Trump’s more obvious public gaffes-- mispronouncing the Turkish President's name, or telling an audience in Israel he "just got back from the Middle East"-- don’t stem from a low intelligence, Mr Schneider said. Instead, they come his “lack of intellectual curiosity.”“His bad moves generally come from his narcissism, and his arrogance, and his extreme centeredness,” he said. “He doesn't seem to know very much, because all he cares about is himself. And he knows a great deal about himself.”Jack Naglieri, a psychological research professor who also develops intelligence tests, has a different theory. He believes Mr Trump is lacking in “executive function”-- the process of strategising, evaluating, decision making, and impulse control.According to Mr Naglieri, strong executive function is a “hallmark of intelligence," and makes for a more modern, reliable indicator than notoriously imprecise IQ tests.“It's very, very clear that Trump lacks this critical executive function,” Mr Naglieri said, pointing to the President’s outbursts, impulsivity, and apparent lack of empathy and insight.“The tweeting is an obvious impulse control problem,” Mr Naglieri said.As for who would win in a battle of the wits, the researcher is “absolutely” on team Tillerson.“Tillerson is clearly a person who has impulse control, who thinks things through,” he said. “...He's not blurting out, he's not impulsive, he's not flying off the handle. He's not telegraphing his anger like Trump does.”“I'd put my money on Tillerson any day,” he added.
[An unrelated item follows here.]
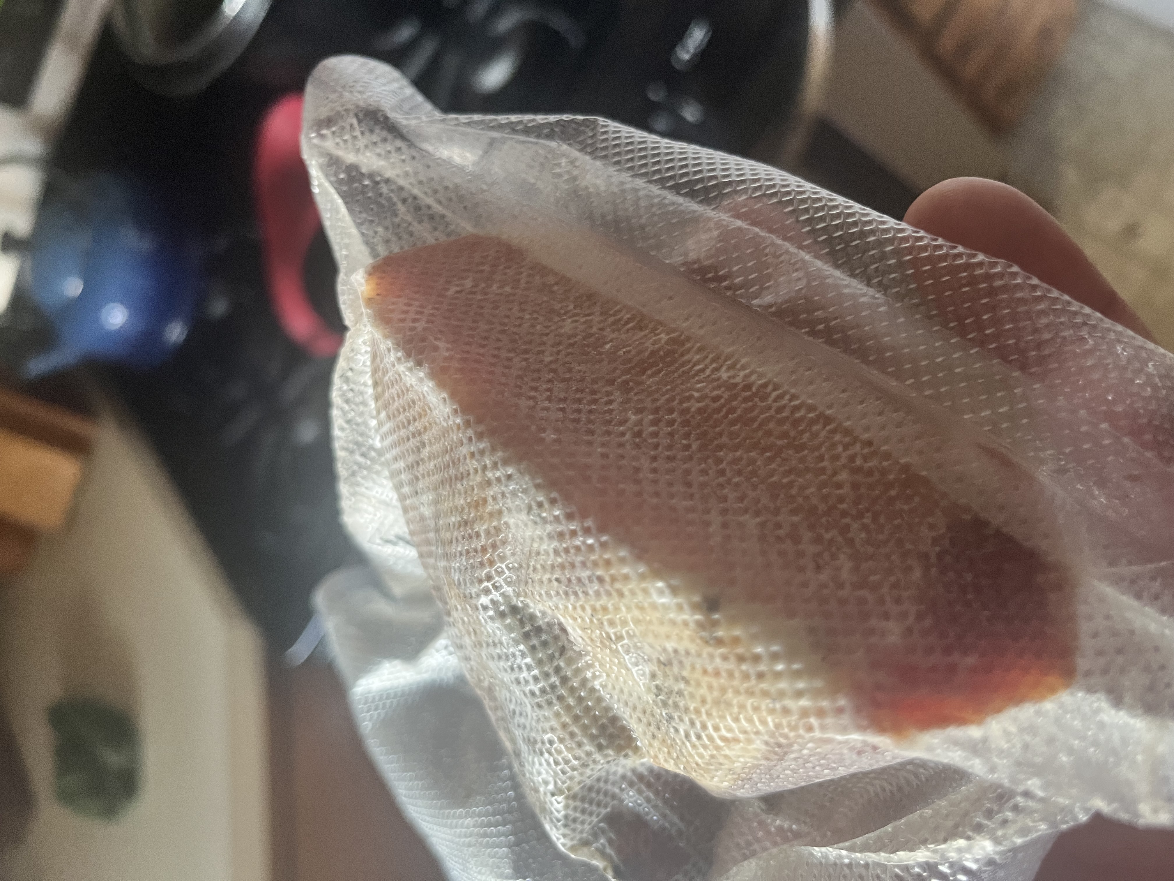 That looks like a plastic bag. Show us the bacon.I do make my own canadian bacon, for when I have pizza parties. I cure the loin and then smoke it around 225 until it hits about 145. I air seal it in portions and use them. I don't like it for breakfast bacon, but it has it's place, and making it at home is cheaper and better than store made.View attachment 387356

And these academics aren't the only ones betting against Señor Trumpanzee. As you can see in their little betting odds sheet just above, the European oddsmakers at BetOnline.ag see Tillerson as the odds on favorite to win that matchup. Maybe Trump shouldn't have been bellowing to the Pentagon about a 10-fold increase in the U.S. nuclear arsenal, which is apparently what impelled Secretary Tillerson to explain to everyone within earshot that the orange-hued baboon that he works for is a "fucking moron" in the first place.